##### EXCERPTED RECORDS

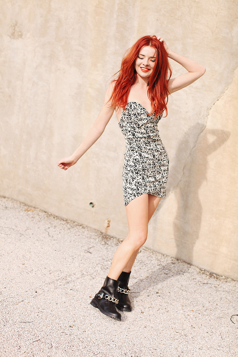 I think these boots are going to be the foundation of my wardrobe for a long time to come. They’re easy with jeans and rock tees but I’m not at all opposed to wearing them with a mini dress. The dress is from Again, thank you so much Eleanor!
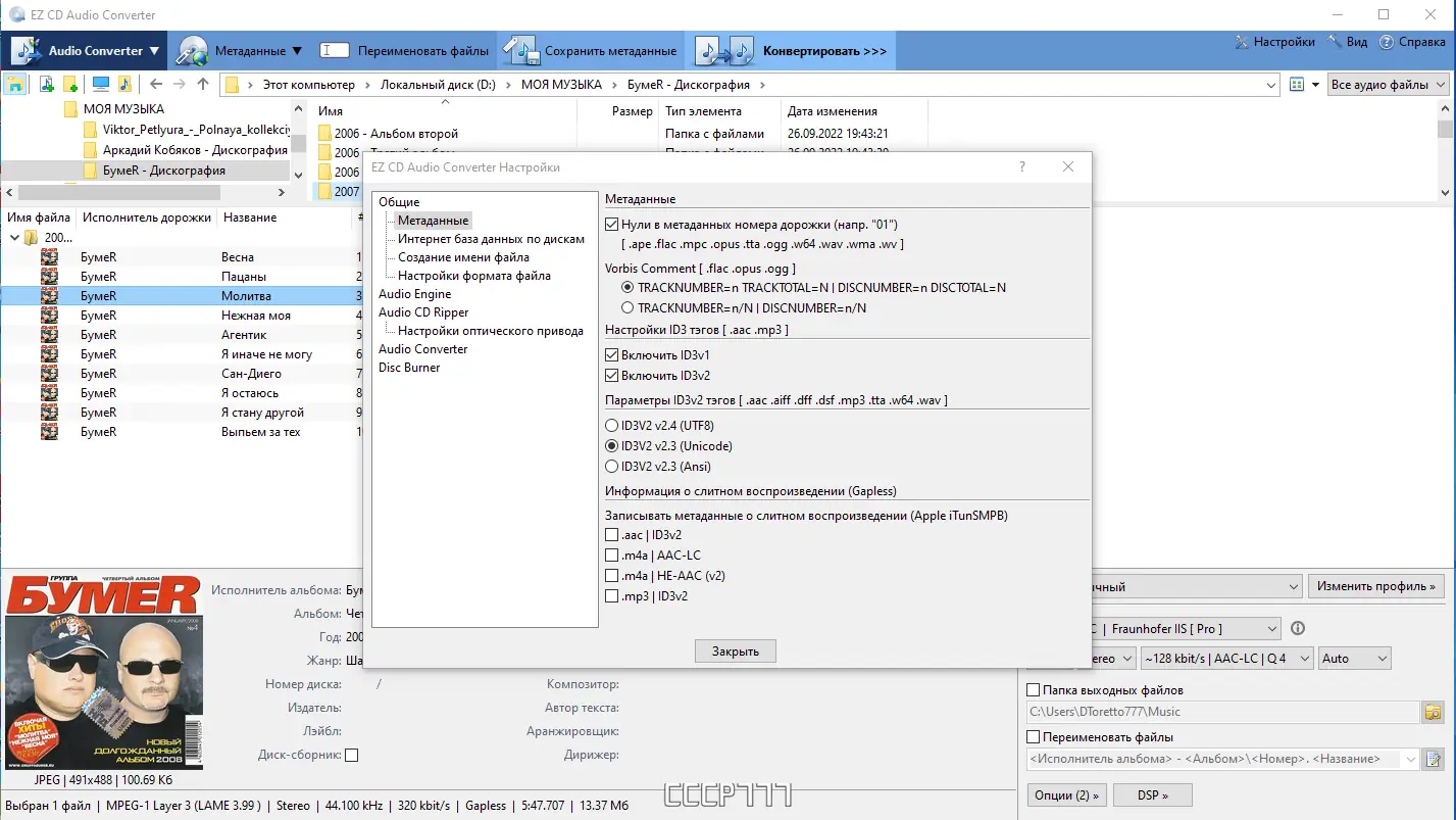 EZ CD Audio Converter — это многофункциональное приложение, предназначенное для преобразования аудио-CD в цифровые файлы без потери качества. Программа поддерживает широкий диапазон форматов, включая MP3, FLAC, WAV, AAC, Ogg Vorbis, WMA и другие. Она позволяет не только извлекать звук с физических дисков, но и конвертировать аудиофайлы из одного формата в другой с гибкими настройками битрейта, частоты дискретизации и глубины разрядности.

##########
##### EXCERPTED RECORDS

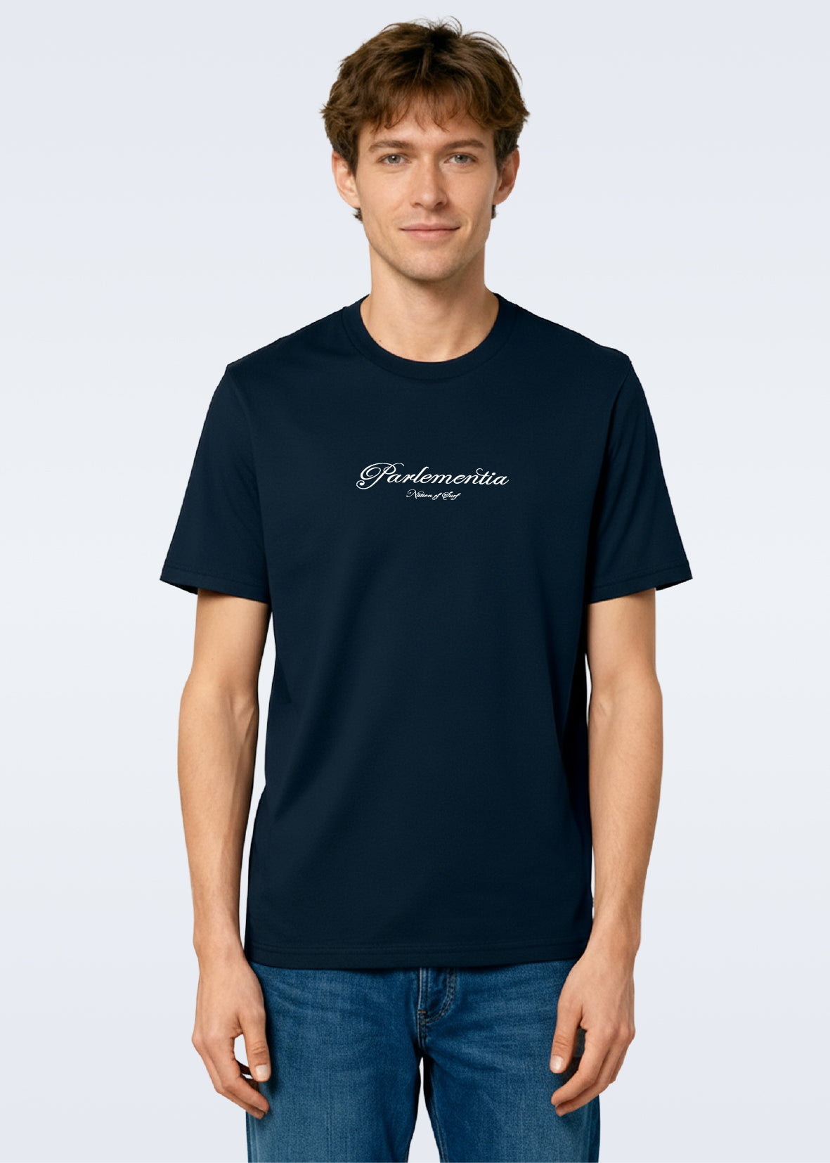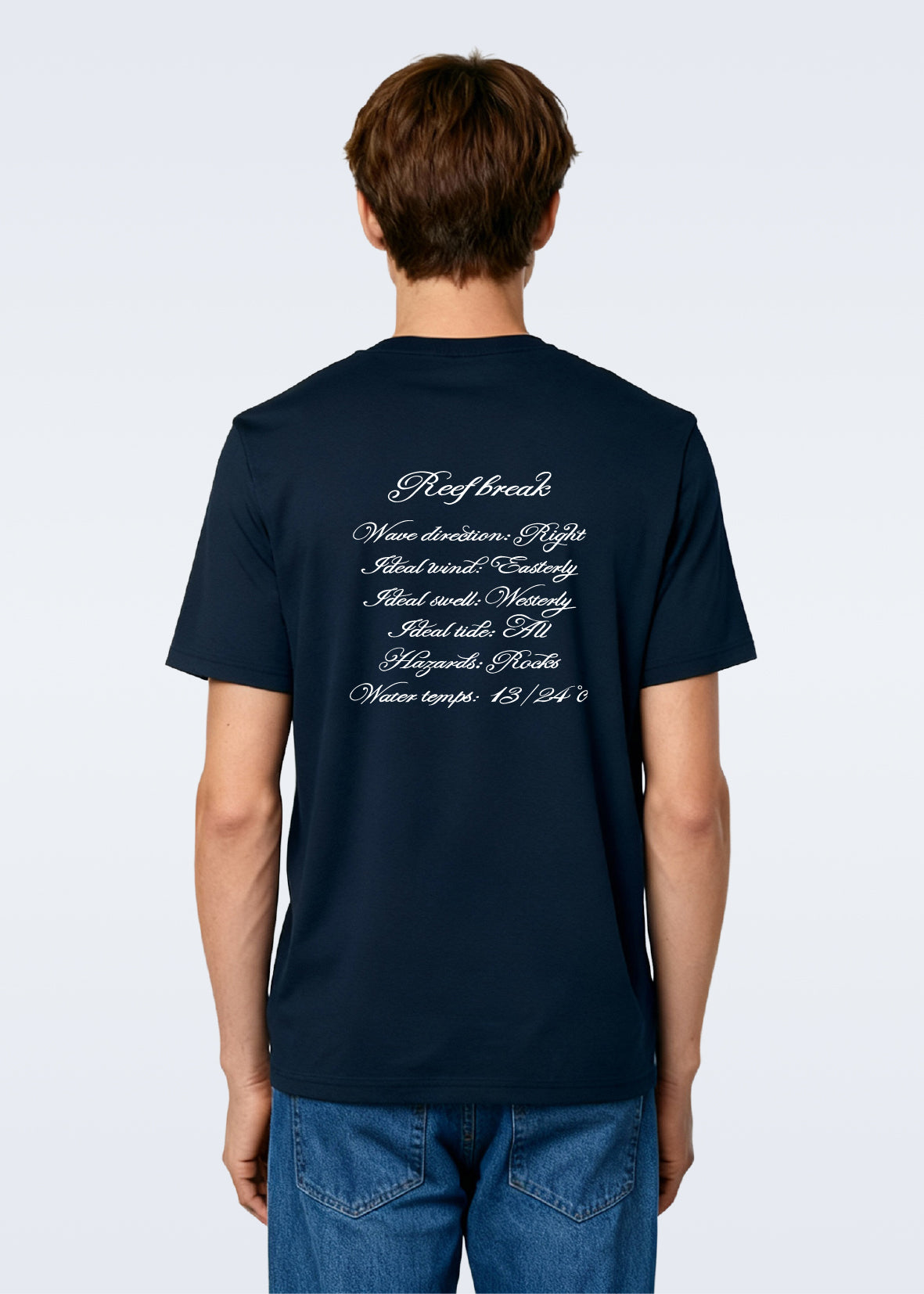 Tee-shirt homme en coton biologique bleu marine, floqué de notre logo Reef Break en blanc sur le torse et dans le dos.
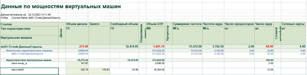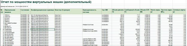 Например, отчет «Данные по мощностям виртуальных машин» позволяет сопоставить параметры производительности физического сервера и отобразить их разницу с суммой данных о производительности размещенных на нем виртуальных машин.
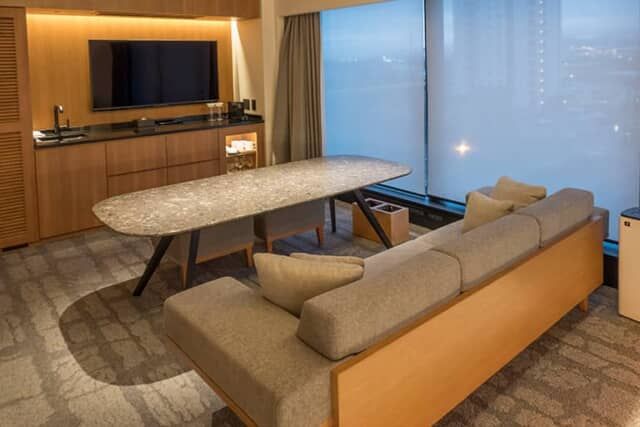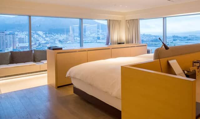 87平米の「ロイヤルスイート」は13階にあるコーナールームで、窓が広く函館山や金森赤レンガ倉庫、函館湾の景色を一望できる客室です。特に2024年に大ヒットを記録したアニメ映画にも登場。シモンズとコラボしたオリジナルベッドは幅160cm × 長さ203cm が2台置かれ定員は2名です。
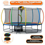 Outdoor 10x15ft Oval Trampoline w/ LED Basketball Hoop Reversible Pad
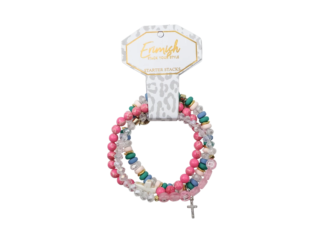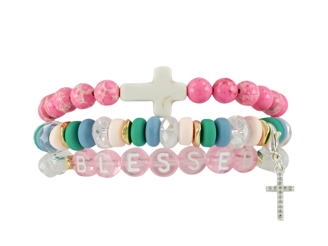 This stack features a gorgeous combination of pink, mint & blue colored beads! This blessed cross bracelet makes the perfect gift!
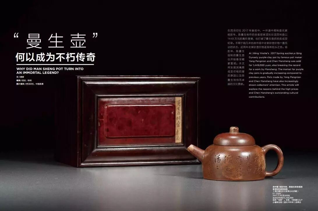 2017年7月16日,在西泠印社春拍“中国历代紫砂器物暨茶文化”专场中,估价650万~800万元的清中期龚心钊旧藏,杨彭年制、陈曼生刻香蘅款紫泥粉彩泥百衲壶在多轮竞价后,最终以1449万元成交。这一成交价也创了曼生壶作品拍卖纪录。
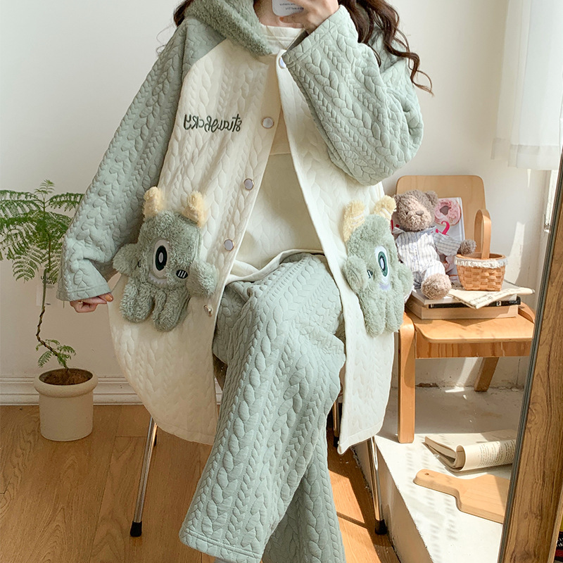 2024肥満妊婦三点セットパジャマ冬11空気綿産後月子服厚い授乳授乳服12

##########

ACTIVITY: Go back to the lines above and output, exactly as they stand, the ones from the line containing "Outdoor 10x15ft Oval" to the line containing "2024肥満妊婦三点セットパジャマ冬11空気綿産後月子服厚い授乳授乳服12". Leave all pictures behind.

OUTPUT:
 Outdoor 10x15ft Oval Trampoline w/ LED Basketball Hoop Reversible Pad
 This stack features a gorgeous combination of pink, mint & blue colored beads! This blessed cross bracelet makes the perfect gift!
 2017年7月16日,在西泠印社春拍“中国历代紫砂器物暨茶文化”专场中,估价650万~800万元的清中期龚心钊旧藏,杨彭年制、陈曼生刻香蘅款紫泥粉彩泥百衲壶在多轮竞价后,最终以1449万元成交。这一成交价也创了曼生壶作品拍卖纪录。
 2024肥満妊婦三点セットパジャマ冬11空気綿産後月子服厚い授乳授乳服12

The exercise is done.